# LOOK 695 ZED2 Crank chainrings are not durable



## madonna (Dec 6, 2005)

Hi all, seems to me that the chainring on the ZED2 crank is not so durable. I bought this LOOK 695 module on June 2012 and it is showing pretty much wear and tear with oxidation on the chainring, considering the fact that I am only a weekend warrior. This actually happen to my cycling buddy too, who own the same bike as me.

Very disappointed with such kind of quality, even an ultegra chainring is much more respectable than this chainring.

Therefore I wonder if you guys actually encounter this issue. Beside this can I install Dura Ace 7800 chainring on the ZED2 crank?

Any one can help me?


----------



## Tumppi (Sep 26, 2005)

We use stronglight ct2 chainrings on our team bikes. No issues with them.


----------



## redondoaveb (Jan 16, 2011)

What about Praxis chainrings?


----------



## madonna (Dec 6, 2005)

Oh yes I was thinking about Praxis works chainring as they have a matching pairs with the LOOK ZED2 crank arms. But they don't come cheap about $200 USD include shipping.

Dura ace share the same technology as Praxis works or might be better in shifting. That is the reason why DA is on my list.


----------



## asv (Aug 13, 2010)

Praxis makes awesome rings, but just to be clear Look ZED2 rings are made by Praxis.


----------



## madonna (Dec 6, 2005)

Yes the newer version are made by Praxis using cold forging. But the older ones are made out of CNC which is the one I having it.


----------



## Praxis Works (Dec 21, 2011)

Hi guys... just wanted to be clear.
Last years ZED rings _(with Silver teeth)_ are not made by Praxis. Those are a prior manufacturer.
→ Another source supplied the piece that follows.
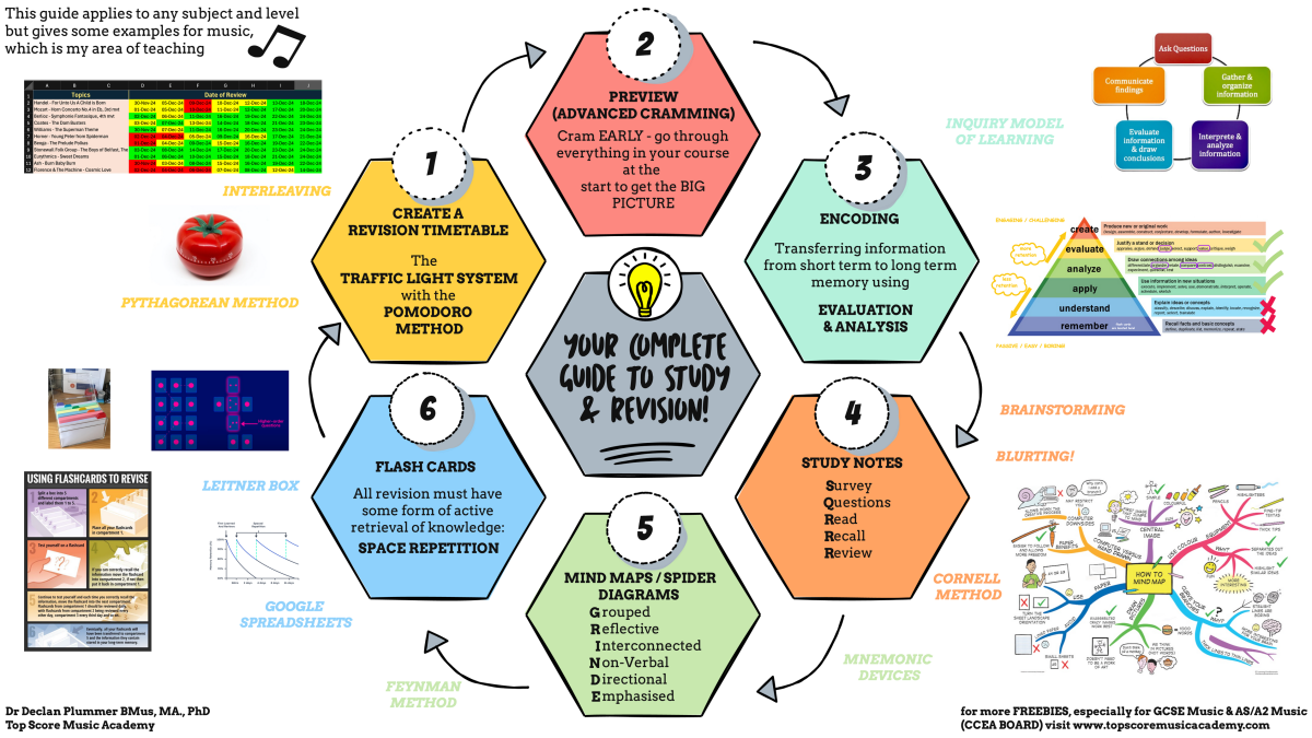 The integrated system: Mind maps → flashcards → recall → review. Each reinforces the other. topscoremusicacademy.com

The *NEW* generation ZED 2 rings are forged by Praxis and have Hard Black Ano teeth....also the inside of the big ring is a small laser mark that says 'Praxis Works' 

Hope that helps!
[email protected]


----------



## madonna (Dec 6, 2005)

[email protected]@K must have figured out that their old chainrings are shitty in both durability and shifting. That's why we are seeing some pros using SRAM chainrings on 695.


----------



## JC1974 (May 29, 2012)

I just checked mine and they are indeed made by Praxis. I have had my 695 for only 2 months and too soon to notice any issues.


----------



## SealBeach (Dec 7, 2012)

I have the new generation rings for last month and no problems.


Praxis Works said:


> Hi guys... just wanted to be clear.
> Last years ZED rings _(with Silver teeth)_ are not made by Praxis. Those are a prior manufacturer.
> 
> The *NEW* generation ZED 2 rings are forged by Praxis and have Hard Black Ano teeth....also the inside of the big ring is a small laser mark that says 'Praxis Works'
> ...


----------